Mr. Douglas Baxter, an employee of the USDA's Rural Development Administration, was transferred from Klamath Falls, Oregon, to Woodland, California. He reported for duty on May 15, 1994. He had a residence constructed near his new duty station and went to settlement on October 7, 1994. Among the real estate expenses charged was a 1 percent loan origination fee ($1,000) [2] and a separate processing fee ($700). The agency reimbursed Mr. Baxter for the loan origination fee, but disallowed his claim for the processing fee.

Mr. Baxter has reclaimed the loan processing fee and submitted correspondence from the All Pacific Mortgage Company stating that the terms "loan origination fee" and "loan processing fee" are interchangeable. The company also supplied an itemized listing of the expenses associated with the $700 processing fee. Among the items listed was a charge for a loan underwriting fee. The remaining items were administrative-type charges.
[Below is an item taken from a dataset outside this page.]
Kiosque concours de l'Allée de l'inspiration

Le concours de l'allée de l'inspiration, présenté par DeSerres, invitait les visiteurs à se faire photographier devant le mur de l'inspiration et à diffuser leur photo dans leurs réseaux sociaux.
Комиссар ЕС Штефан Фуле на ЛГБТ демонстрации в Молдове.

Section 302-6.2(d)(1)(ii) of the Federal Travel Regulation (FTR), [3] authorizes an employee to be reimbursed for a loan origination fee in an amount not to exceed 1 percent of the loan amount unless the lender itemizes his administrative charges to show by clear and convincing evidence that those charges do not include prepaid interest, points, or a mortgage discount. The employee has already been reimbursed $1,000 as a loan origination fee of 1 percent.
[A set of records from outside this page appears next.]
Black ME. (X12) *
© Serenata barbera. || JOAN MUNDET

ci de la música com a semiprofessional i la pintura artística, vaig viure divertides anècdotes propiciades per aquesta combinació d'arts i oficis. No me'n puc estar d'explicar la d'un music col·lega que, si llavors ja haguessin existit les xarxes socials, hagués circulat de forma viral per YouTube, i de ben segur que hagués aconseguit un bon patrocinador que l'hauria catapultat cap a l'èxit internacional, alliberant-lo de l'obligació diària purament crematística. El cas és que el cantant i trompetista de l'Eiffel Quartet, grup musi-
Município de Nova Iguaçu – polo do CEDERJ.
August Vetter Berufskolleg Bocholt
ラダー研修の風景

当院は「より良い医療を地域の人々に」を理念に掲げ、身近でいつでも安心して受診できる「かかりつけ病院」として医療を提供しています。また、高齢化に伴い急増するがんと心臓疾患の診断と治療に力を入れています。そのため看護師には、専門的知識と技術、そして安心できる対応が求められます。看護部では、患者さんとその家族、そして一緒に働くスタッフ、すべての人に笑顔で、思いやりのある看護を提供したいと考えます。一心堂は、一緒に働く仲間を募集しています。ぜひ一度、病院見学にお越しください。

A loan processing fee is identified as a finance charge under the Truth in Lending Act, 15 U.S.C. Sec. 1601, et seq., (1994), except for certain fees and expense items. 15 U.S.C. Sec. 1605(e). The fees not included as finance charges are: fees for title examination, title insurance or similar purpose; fees for preparation of deeds, settlement statement, or other documents; tax and insurance escrows; fees for notarized deeds and other documents; appraisal fees and credit reports.

There is no exception stated for the items listed in the lender's breakdown of Mr. Baxter's loan processing fee, i.e., the loan underwriting charge or the administrative charges.

The $700 loan processing fee charged to Mr. Baxter is not shown by the lender to be different than the expected administrative cost of processing paperwork which would be included as part to the loan origination fee. If so, it may not be reimbursed since the full 1 percent has already been paid as a loan origination fee. If it is not considered part of the loan origination fee, then it must be deemed as addition charge imposed by the lender incident to the extension of credit and, thus, not reimbursable. James A. Fairley, B-258932, Sept. 19, 1995. [4]

Since section 302-6.2(d)(2)(v) of the FTR [5] prohibits reimbursement to the employee for a finance charge, Mr. Baxter may not be reimbursed for the $700 processing fee.

/s/
Seymour Efros
for Robert P. Murphy
General Counsel

1. Ms. Sandra S. Williams - Reference FSD - 1 RJP.

2. The attachment to the Settlement Statement shows that this fee was equally split between two parties, American Savings Bank and All Pacific Mortgage Company.

3. 41 C.F.R. Sec. 302-6.2(d)(1)(ii) (1995).

4. See also Deane H. Zeller, B-205873, May 4, 1982; and George C. Souders, B-248457, Sept. 29, 1992.

5. 41 C.F.R. Sec. 302-6.2(d)(2)(v) (1995).